Natwest Wunderkind's New Challenge: Marketing Coutts

Paul Feeney is a boy wonder of British banking.

Going to work for National Westminister Bank PLC in his late 20s, the former Cambridge junior professor helped create the bank's life insurance marketing operation and build it into Europe's largest "bancassurance" program.

Now NatWest has another big challenge for the 32-year-old Mr. Feeney - to help turn its private bank, Coutts & Co., into a fixture among the world's affluent.

In three weeks, Mr. Feeney, who has spent the past year building an insurance operation at Natwest branches in New Jersey, starts work in London as marketing director for the private bank's worldwide operations.

A big part of his effort will be to build Coutts' presence in the United States and Latin America.

"I don't think you can call yourself a private bank unless you're in America," Mr. Feeney said. "You can call yourself a two-thirds international private bank, but that doesn't have the same ring to it."

Mr. Feeney knows he's got his work cut out for him. While he was credited for building an insurance business from scratch in the United Kingdom, at least he was operating in a country that was well acquainted with the National Westminster name.

In his new post, he's trying to promote private banking services in markets unfamiliar with Coutts, a 304-year old institution known in its home country as the private bank to the Queen of England.

Coutts wants to reach new private banking clients in North and South America, the Far East, and the Middle East. The three-year-old New York office has 50 private bankers.

People familiar with Mr. Feeney's work in bank insurance marketing don't think he'll have any trouble making the jump despite a lack of prior experience in private banking.

"That would be an area in which he would fit quite nicely because it's not just a product," said Michael White, a Radnor, Pa.-based bank insurance consultant.

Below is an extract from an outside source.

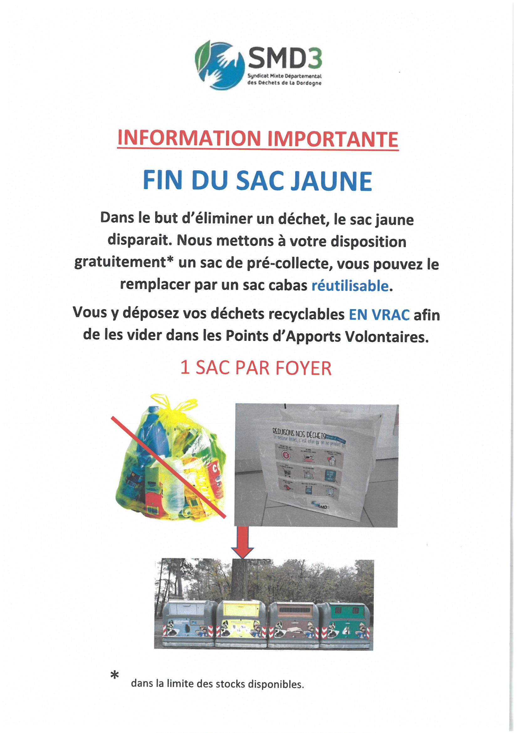 Fin du sac jaune. Les déchets recyclables doivent être mis en vrac dans les bornes concernées. Le SMD3 vous fournira un sac cabas réutilisable pour ces déchets. Un sac cabas réutilisable de supermarché peu également convenir pour cet usage.

Mr. White explained that Mr. Feeney's talent in marketing insurance was that he presented it as part of overall financial services picture instead of individual policies.

He added that Mr. Feeney's insurance marketing methods were "unusual because he truly had a philosophy" behind them.

Mr. Feeney himself acknowledges he lacks "a blue-blood background in private banking."

But he is well-versed enough to know the competition, citing Citicorp, Union Bank of Switzerland, Credit Suisse, and Bank Julius Baer as forces to contend with.

Coutts' strategy to raise its profile around the world, involves hiring experienced private bankers and building rapport with accountants and attorneys. Mr. Feeney said the current emphasis is on countries such as Mexico, Brazil, Argentina, and Chile.